I don’t think Corbyn is a great orator or effective manager and I do a wits’-end expression every time there’s a seeming bungle or re-interpretation for the Press to milk but I also realise that he is having to learn on the job in a very hostile environment and that this makes it difficult to gauge how much he is being hindered and how much he is hindering himself. Nevertheless, when he – or McDonnell – are interviewed and I hear them speak for themselves, they mostly sound calm, informed and reasonable.

And if not Corbyn, then who, right now? Like so many, I shared much of his general analysis on the state of domestic and foreign policy before I’d heard of him and he was given the oxygen. And condemnation of the exploitation of people and resources for exoteric global dominance and personal gain, by people who have the will, the influence and the power to do so, is what we were waiting for, after all.

What gets constantly overlooked by the journalists and the usual Labourites is that the value perspective Corbyn wants to give space to is the very space that these same MPs refuse to countenance beyond lip service and that a multitude of voters desperately wants and deserves to hear. If those Bubble-wrapped MPs had expressed sincere opposition to this thoroughly destructive socio-economic status quo, their party would have a more can-do-Politics leader. Well, they didn’t. And if genuine acceptance of and support for Corbyn’s position was there, now, there would be a cohesive and coherent message and a more efficient method; if their spinning was genuinely positive, the Conservatives would be not merely shaking in small doses but wobbling magnificently and visibly on their perch.

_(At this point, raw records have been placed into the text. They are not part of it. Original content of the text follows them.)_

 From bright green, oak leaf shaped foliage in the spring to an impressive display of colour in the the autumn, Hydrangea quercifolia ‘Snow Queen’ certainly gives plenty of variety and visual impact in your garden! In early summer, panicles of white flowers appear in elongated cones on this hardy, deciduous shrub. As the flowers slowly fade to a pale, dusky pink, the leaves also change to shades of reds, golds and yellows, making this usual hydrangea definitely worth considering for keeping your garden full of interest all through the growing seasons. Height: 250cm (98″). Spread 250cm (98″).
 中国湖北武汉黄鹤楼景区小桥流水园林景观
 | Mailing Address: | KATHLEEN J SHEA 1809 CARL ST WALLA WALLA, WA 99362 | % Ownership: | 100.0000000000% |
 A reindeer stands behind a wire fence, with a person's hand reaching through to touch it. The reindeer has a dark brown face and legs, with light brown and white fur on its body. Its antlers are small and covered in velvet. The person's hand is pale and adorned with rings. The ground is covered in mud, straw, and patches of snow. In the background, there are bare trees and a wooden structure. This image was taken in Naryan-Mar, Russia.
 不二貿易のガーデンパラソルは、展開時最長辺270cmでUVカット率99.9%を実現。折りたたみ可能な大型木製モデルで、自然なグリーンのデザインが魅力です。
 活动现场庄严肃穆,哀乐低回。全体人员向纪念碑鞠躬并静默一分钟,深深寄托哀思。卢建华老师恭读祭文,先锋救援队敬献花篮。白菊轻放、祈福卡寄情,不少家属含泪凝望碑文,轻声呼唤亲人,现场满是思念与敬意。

I don’t know what is really going on. I’d have to be in the Bubble to know, for sure. All I have to go on is what I see for myself and the media commentariat, paid and voluntary. It is hard to watch. We all know how desperately the country needs the Government to face opposition, scrutiny and redirection. I understand and buy the merits of having wide-ranging debates so as to discover consensus and develop a party line but the two sides seem diametrically opposed over too many issues that are fundamental to cohesion.

It looks like Labour is really two parties fighting for what they believe is its soul. Or maybe all that Labour is fighting over is the empty husk where its soul once dwelled. They can’t keep telling us that they are united in their values when their record and the dirty laundry they are now washing says otherwise to the public. Both sides are in each other’s way and that means Labour is not credible or electable, whichever side is preferred.

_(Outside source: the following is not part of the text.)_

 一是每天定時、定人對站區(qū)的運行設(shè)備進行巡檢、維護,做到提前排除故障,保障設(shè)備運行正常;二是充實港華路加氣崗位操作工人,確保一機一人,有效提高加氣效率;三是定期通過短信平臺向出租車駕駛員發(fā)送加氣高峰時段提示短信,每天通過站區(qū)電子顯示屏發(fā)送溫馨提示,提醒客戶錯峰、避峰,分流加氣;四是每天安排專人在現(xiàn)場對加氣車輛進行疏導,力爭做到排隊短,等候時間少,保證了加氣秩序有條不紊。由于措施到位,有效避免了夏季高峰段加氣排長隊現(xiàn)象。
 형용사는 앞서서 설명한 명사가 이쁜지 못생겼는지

Maybe the first thing Labour has to figure out is which side gets to keep the name; the name that speaks to the notion of making tedious hard work of everything. Personally, I think I’d let the ‘Blairites’ have it.

I find that I resonate with many of the parties to varying degrees, even if only on a fragment but not one of them represents me enough to wish to become a member, let alone vote for one. The political solutions I could vote for are not available in a party that commands national electoral viability, including the part of Labour that I prefer. I have nowhere to go.

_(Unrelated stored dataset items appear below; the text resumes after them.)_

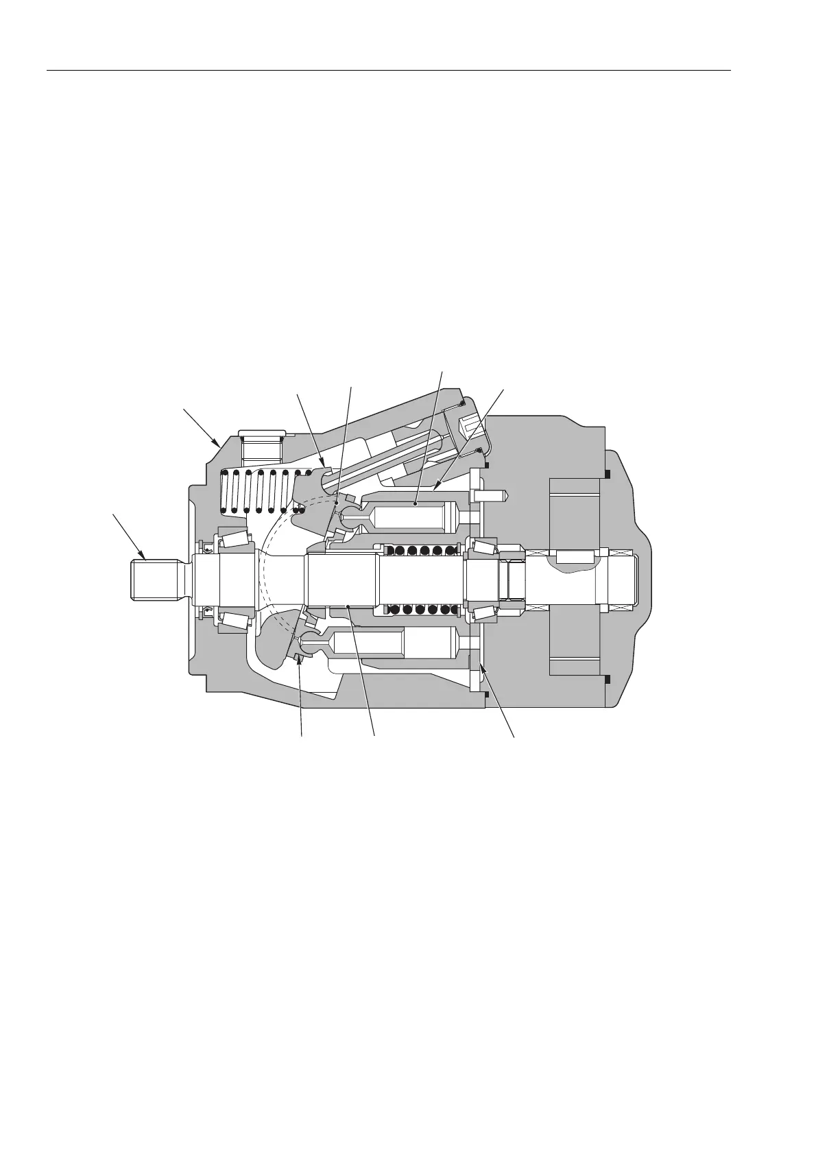 The ends of the pistons are spherical; the piston shoes (6)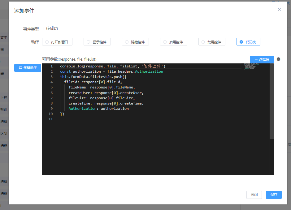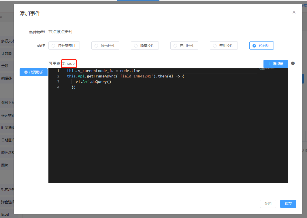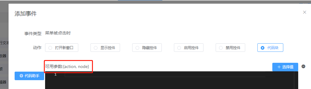 步骤2. 在高级里添加事件(菜单被点击时),选择代码块,可以获取到当前点击节点的数据action(菜单的action类型)和node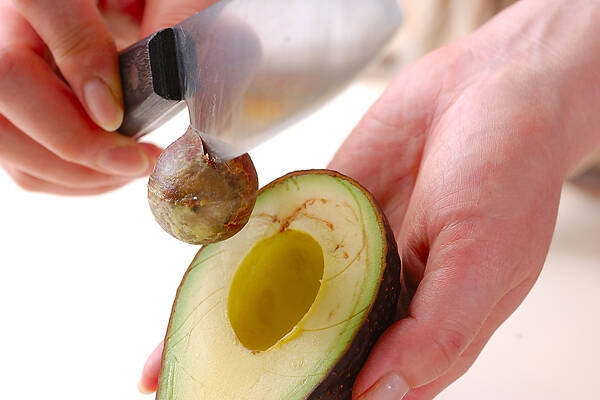 アボカドは種を取り、皮をむいて縦8等分に切って、レモン汁を振る。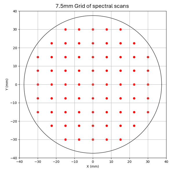 Figure 9: Spectral measurement location over 69 points within the 60 mm clear aperture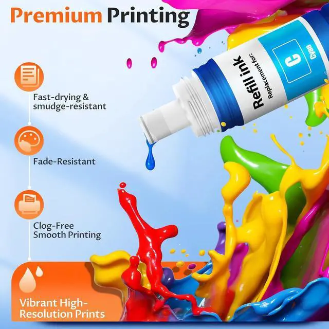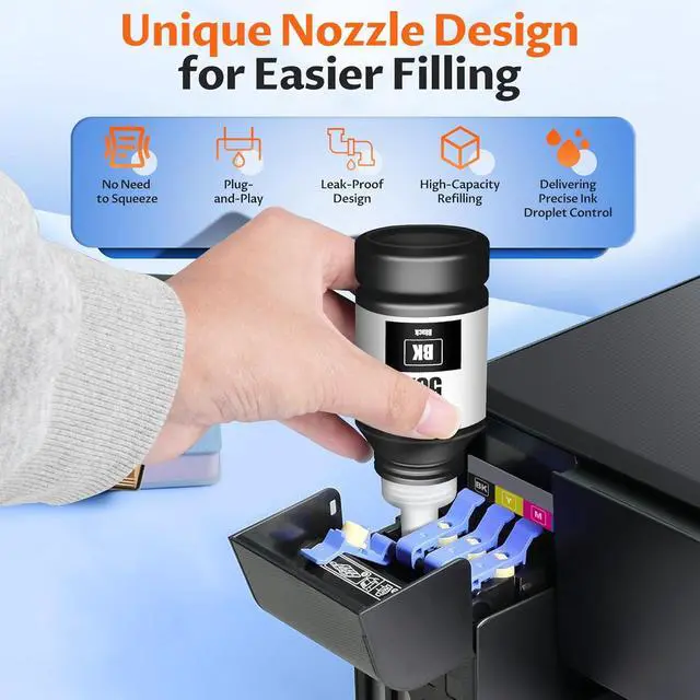 Easy & Mess-Free Refill: Precision nozzles prevent spills; each bottle fills the tank in seconds. Extra-large capacity with 10,000+ black / 8,000+ color pages per set.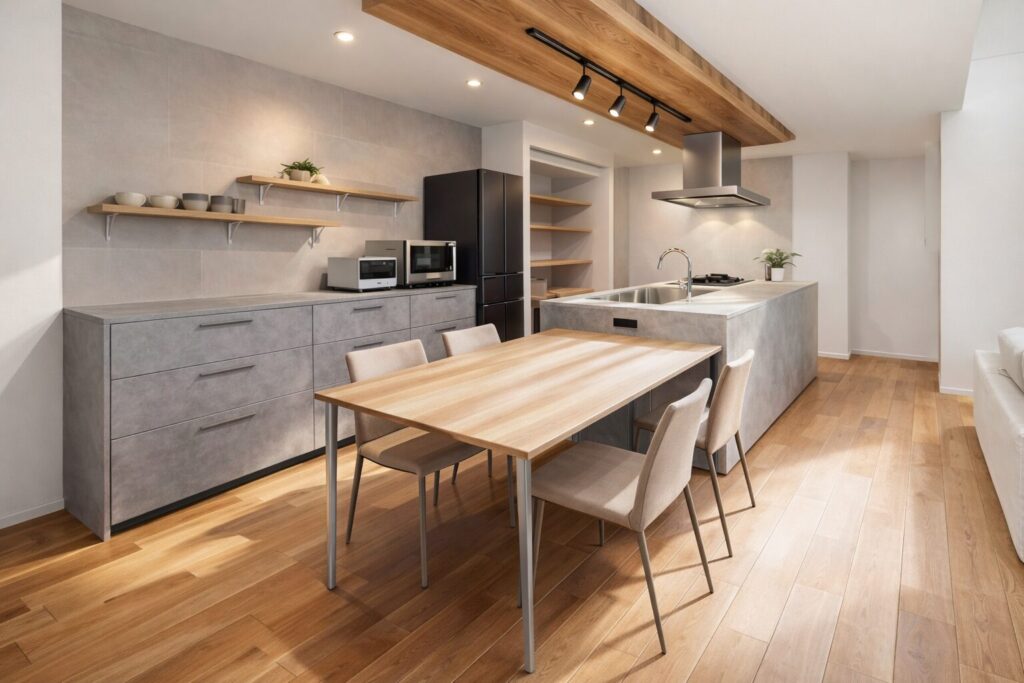 ダイニングキッチン上は折り下げ天井と間接照明が広がりを演出し、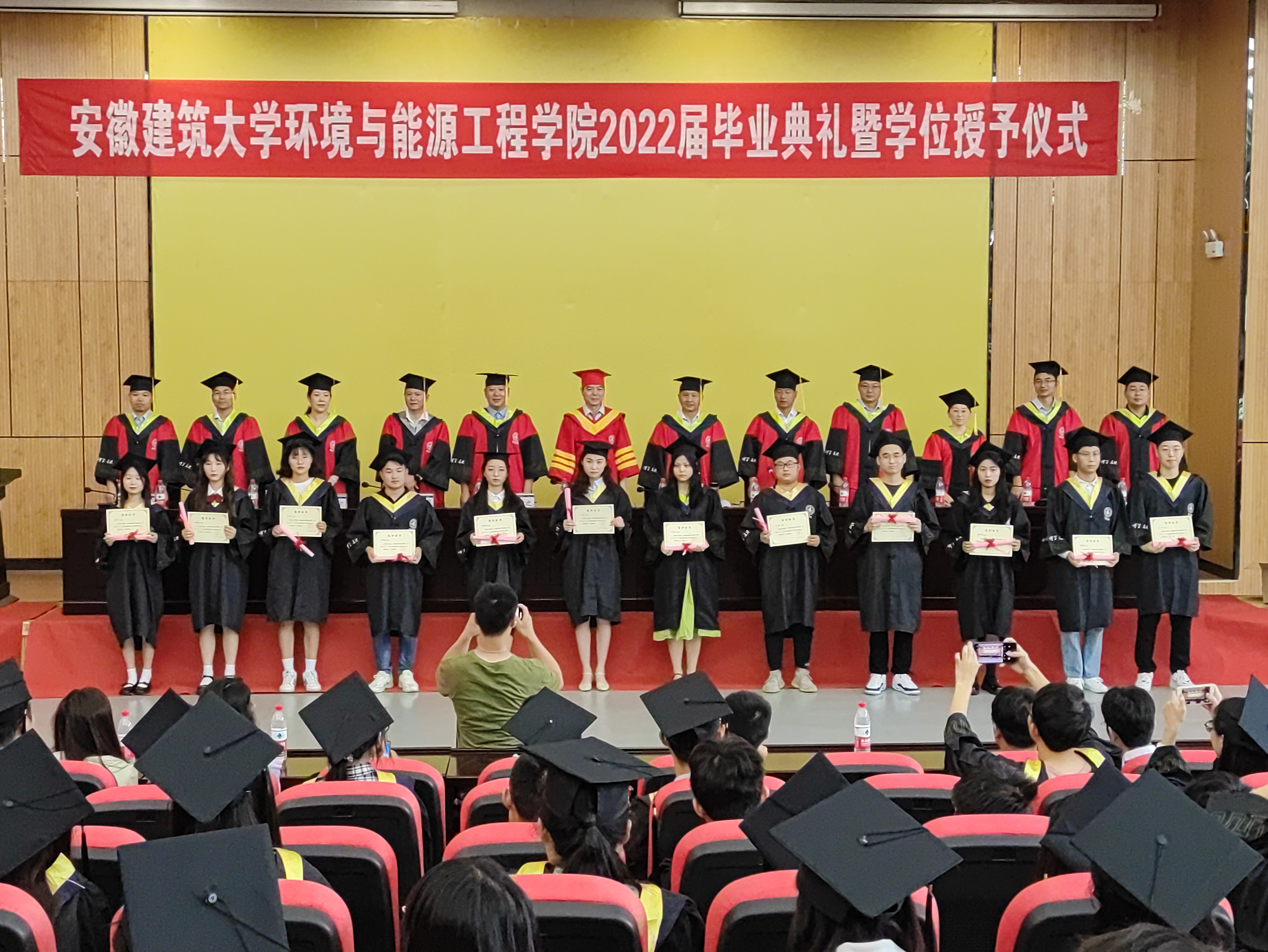 本网讯 6月13日上午,环能学院2022届毕业典礼暨学位授予仪式在实验综合楼2楼报告厅隆重举行,学校党委副书记、校长黄显怀,学院班子成员、各系系主任、教师代表、全体专兼职辅导员和毕业生参会。

2 thoughts on “Maybe the first thing Labour has to figure out is which side gets to keep the name

  1. I suspect the narrative you describe is one many will recognise and identify with. I felt, during the summer, that Corbyn’s most important function was to move Labour away from the nauseating Blairite line that, astonishingly, remained dominant after the election. When I felt it was possible the establishment would find a way, somehow, to stitch him up and prevent him becoming leader, I reminded mysef that he had, in a few weeks, succeeded in changing the party. Yes, the media have been unrelenting in their hostility, even the Guardian, which has now had its ‘liberal’ and ‘progressive’ cover well and truly blown. And yes, those MPs who were imposed on the party by Blair’s top-down ‘must be one of us’ policy are resistant. Will Corbyn survive? Maybe, maybe not: there is no good reason why he cannot be prime minister in 2010, and a good one. There are also good reasons to suppose the right wing will succeed in their efforts to sabotage his leadership: currently, too many seem to think that defying/embarrassing him is more important than a sensible policy on Syria. We shall see.